The main problems that the Basel Group found with Recommendation 15 were:
- Weak implementation of the “travel rule” because financial institutions are not obtaining information about the originators and beneficiaries of cryptocurrency transactions and are not sending it to the police.
- Sluggish action by jurisdictions in implementing the new rule, with infrequent regulatory visits or punishments.
- Generally, a lack of knowledge and expertise among supervisory/regulatory bodies in the field of virtual assets, reducing their ability to oversee and guide VASPs.
Beneficial ownership and the effectiveness of AML systems
Here FATF's analysis shows, among other things, that there is still a poor level of compliance in establishing beneficial ownership registers (or other mechanisms), even when this is required by law. This spoils the otherwise acceptable AML performance of some jurisdictions.
The majority of beneficial ownership registers that do exist are either mostly or completely ineffective at doing even the minimum that they are supposed to do. In other words, they fail to provide the police with reliable information about the ultimate beneficial owners of companies or trusts incorporated in their countries.
Effectiveness of AML systems
The report finds that jurisdictions that have laws and institutions in place that are largely compliant with FATF's recommendations are still ineffective in practice. This was lamented in last year's report.

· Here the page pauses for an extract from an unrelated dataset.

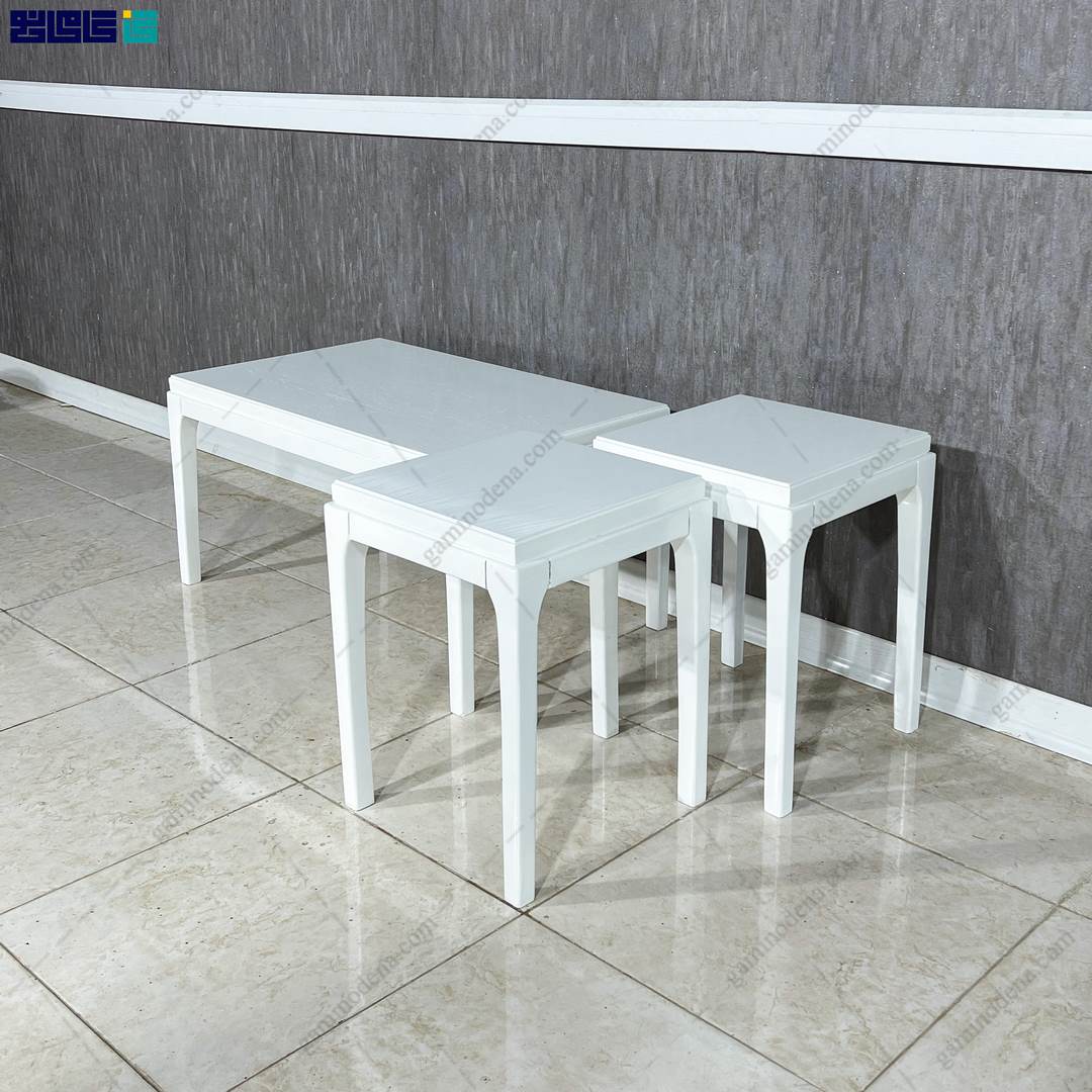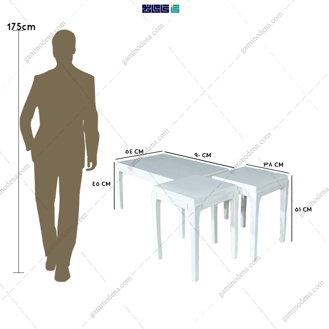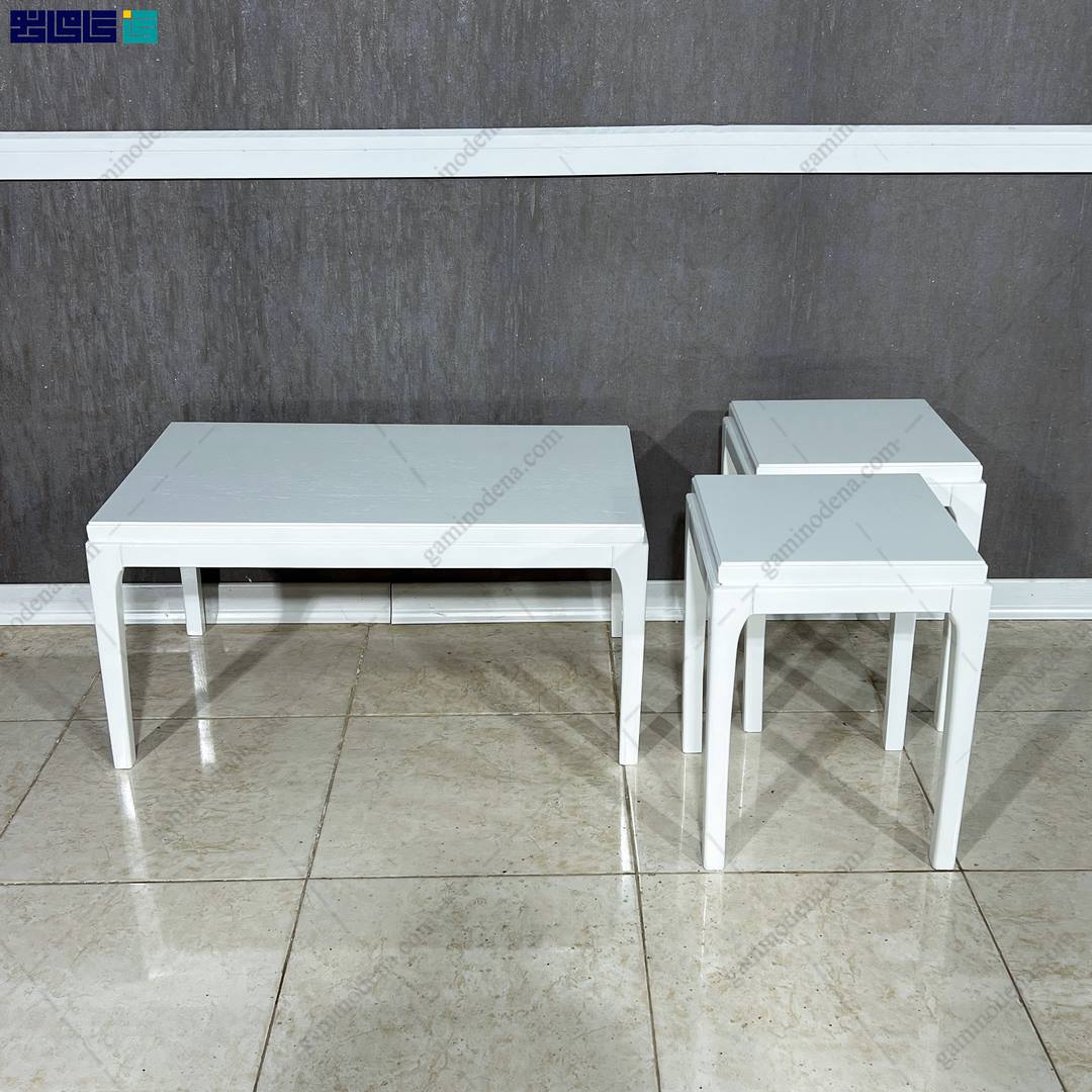 - شامل یک میز جلو مبلی زیبا و شیک و دارای دو میز عسلی در کنار جلو مبلی

Basel writes: "Is there any sign of improvement in the figures for 2021? Not really. Based on the latest FATF data, the average score for effectiveness across all assessed jurisdictions is only 30 percent. That is two times lower than the average score for technical compliance with FATF recommendations, which stands at 64 percent."
Lawrence had her own opinion: "There is a real risk of seeing a repeat of the regulatory fatigue that we saw after the 2008 financial crisis, although this time against a perilous backdrop of the immense challenges that COVID-19 has thrust upon the industry and the appalling conduct of various high profile politicians, potentially risking an up-rise in the 'why should I bother, if they don't' culture."
She summed up the report by warning countries against their tendency to go through the motions when fighting money laundering rather than make real efforts: "To fight ML/TF effectively, in a manner which has a tangible impact against fighting financial crime and protecting some of the most vulnerable people and societies in the world, we must avoid 'mechanical compliance' and adopt a joined-up approach in our fight, which is motivated by improving cultures, values and attitudes within both the industry and regulators, rather than a tick-box approach which offers little in the way of tangible benefits."